Items from a data source:
⟨
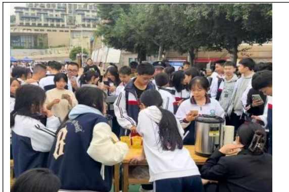
图6: 闽清职专22级电商专业校运创业实践纪实
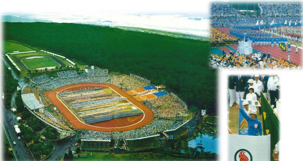
昭和54年 日本のふるさと宮崎国体 秋季大会 開会式の様子 （宮崎県総合運動公園陸上競技場）

式典基本計画は、式典基本方針や式典基本構想を踏まえ、式典の具体的な内容について基本的な考え方を明示し、式典全体の準備の円滑な推進を図るために策定するものです。
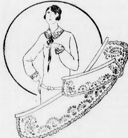
Madeira-gallér és kézelő

és a habos gazéből készült lenge délutáni, illetve estélyi ruha nyáron is jó szolgálatot tesz. A könnyű selyemruhának több célra való felhasználása azért lehetséges, mert a divatos estélyi ruha különlegessége a hosszu uj. Ezt valószínűen sokan üdvözlök nagy örömmel.
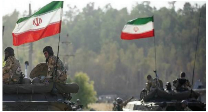
Իրանական զորքը Ադրբեջանի սահմանների մոտ

Կարելի է ենթադրել, որ եթե Իրան-Ադրբեջան լարված հարաբերությունների շուրջ իրավիճակը բարդանա այն աստիճան, որ հանգուցալուծման միակ ելքը լինի պատերազմը, և որոշ արտաքին խաղացողներ, հատկապես Իսրայելն ու Թուրքիան, Բաքվին և Թեհրանին դրդեն դրան, իրական
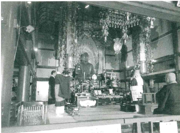
【立誠仏教団による法要の様子】

のもと法要が勤められ、世界的な感染拡 大をみせる感染症の早期終息を念じると 共に、感染症により命を落とされた多く の方々とそのご家族、罹患され現在も治 療に励まれているの方々へ思いを馳せた。 京都府仏教連合会からは、三神栄法事 務総長が当会を代表しての灌仏を行った。
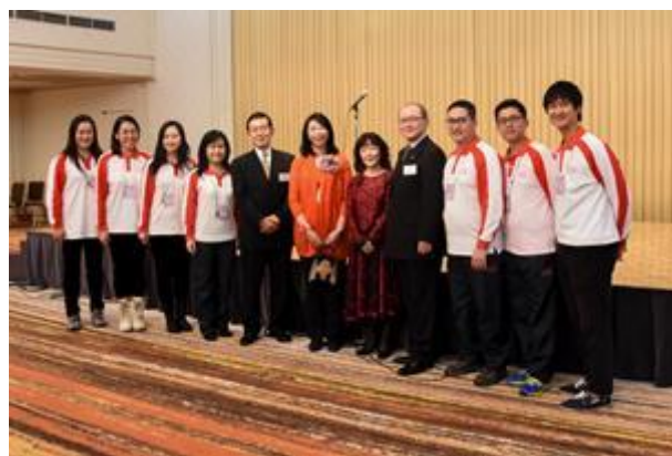
雙方人員合照留念
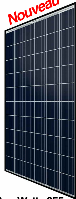
Sun-Watts 255 ALL MAX ULTRA 339,99$

NaviClub Le Supermarché Du Solaire À Québec
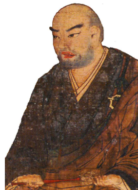
僧 B 〔 日蓮 〕
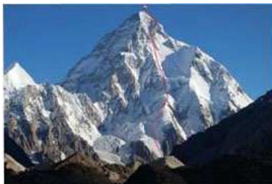
“Ruta de ascenso de Kukuczka y Tadeusz Piotrowski en el K2. Año 1986.”

Ahora, hablaré sobre Wojtek Kurtyka. Fue uno de los montañistas polacos más famosos en el mundo y tenía un gran carisma. Wojtek renunció a las grandes expediciones al Himalaya y comenzó a escalar en la cordillera más alta del mundo en estilo alpino. Tuvo varios logros importantes: Changabang por la cara sur (1978), cara este del Dhaulagiri (1980), una nueva ruta en el Gasherbrum I (1983), la travesía del Broad Peak con Kukuczka (1984), la cara occidental del Gasherbrum IV (llamada Shining Wall, 1985), la cara este del la Torre Sin Nombre de Trango (1988), la cara oriental media del Cho Oyu (1990) y la cara este del Shisha Pangma (también en 1990).
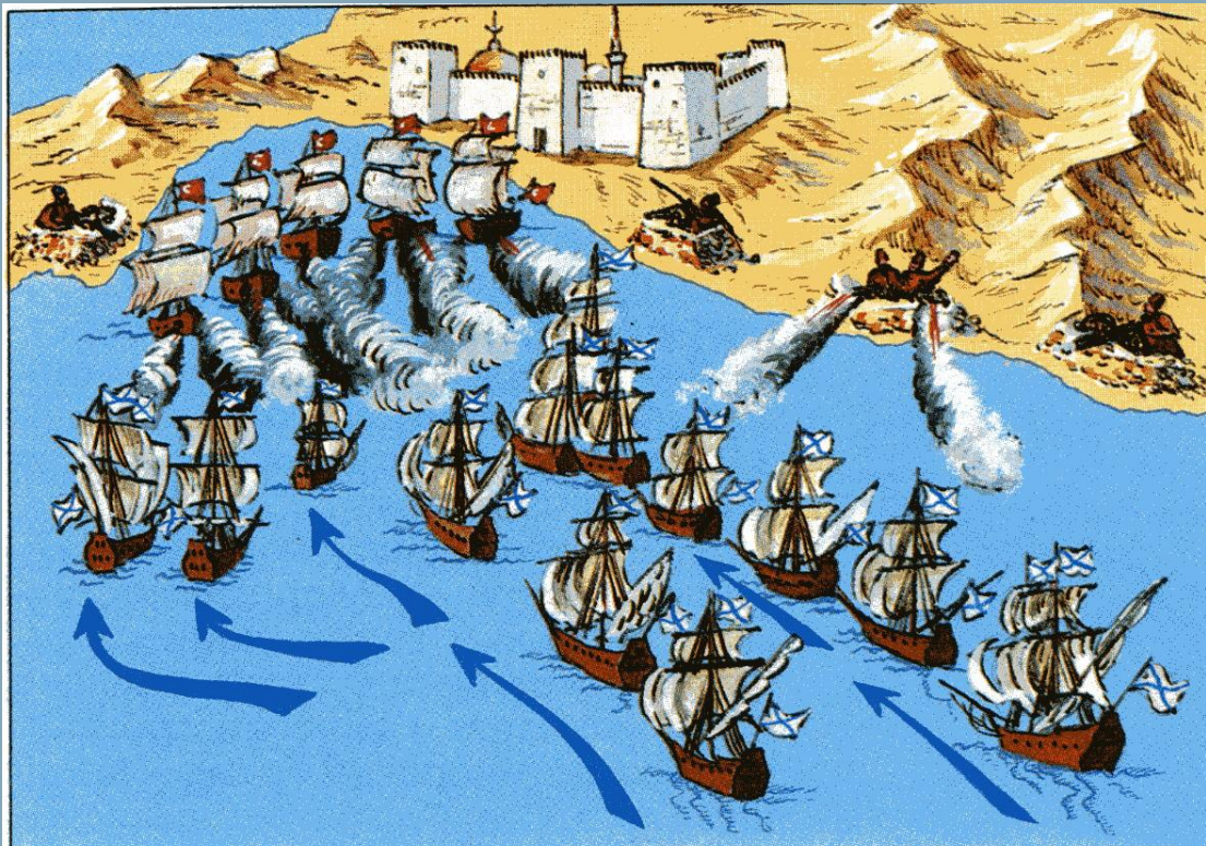
← Манёвры русской эскадры

С началом военных действий в октябре 1853г. Нахимов крейсировал у берегов Малой Азии. Чтобы не дать туркам перебрасывать войска на Кавказ, он решает атаковать турок на их морской базе в Синопской бухте.
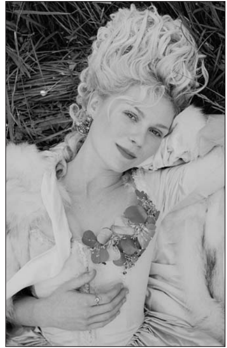
The effect that costumes, makeup, and hairstyles can have in creating characters for motion pictures is illustrated best by examining the varied “looks” individual actors have assumed throughout their careers. Kirsten Dunst is seen as she appeared as Judy Shepherd in JUMANJI (1995), as Amber Atkins in DROP DEAD GORGEOUS (1999), and as the title character in MARIE ANTOINETTE (2006).

M any different elements influence costume design, including the time and place in which the story is set, the relationships between the different characters, and the wishes of the director. Even when purchasing clothes for characters in contemporary films, the costume designer chooses each piece to be absolutely right for each character.
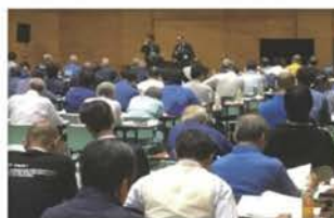
蓄電池提案セミナー 事例発表(中面でご案内)
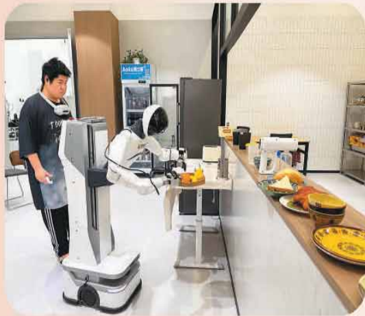
餐厅场景里，人形机器人在学习端送果盘。
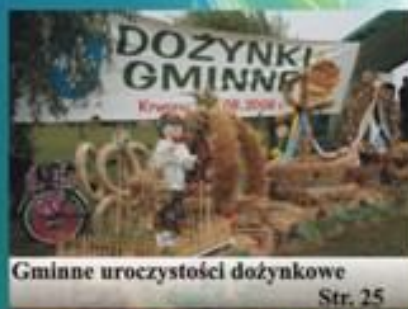
Gminne uroczystości dożynkowe
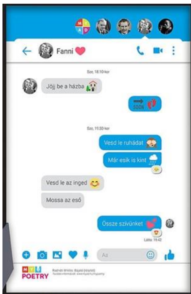
7. kép Radnóti a Messengeren

A levelek átírása, felolvasása/kivetítése után könnyen megállapítható az internetes nyelv, a digilektus (Veszelszki 2012) jellemzőinek a mibenléte. Amellett, hogy a szleng várhatóan hangsúlyosan meg fog jelenni az üzenetekben, minden bizonnyal számos rövidítés, emoji, idegen nyelvű kifejezés is található lesz bennük, amelyek a netnyelv sajátjai (Crystal 2001). Arany és Petőfi levelei éles kontrasztban állnak a ma Messengeren használt levelezési formával mind szerkezetileg, mind stílárisan. E különbségek a feladat során szembeűnővé válhatnak a diákok számára, ezáltal tudatosítva saját mindennapi internetes kommunikációjuknak a jellemzőit.
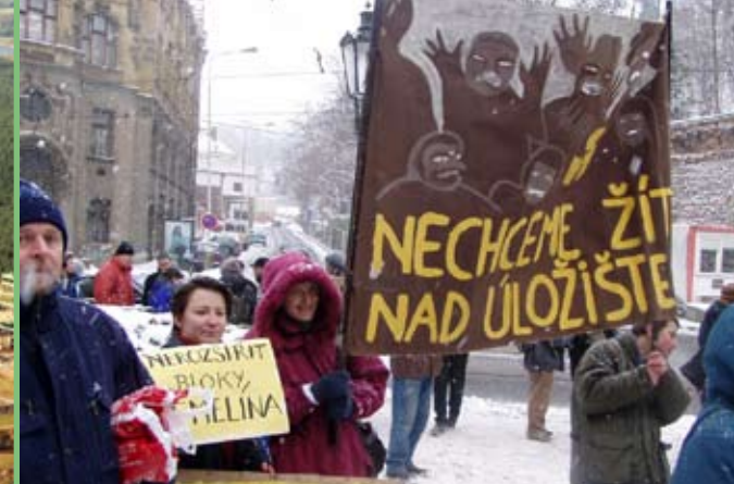
Demonstrace „Dejte přednost lidem“ před Úřadem vlády, leden 2004 (4)
⟩
Please state how many lines in the entries include the string "Messengeren", giving no more than the number.

2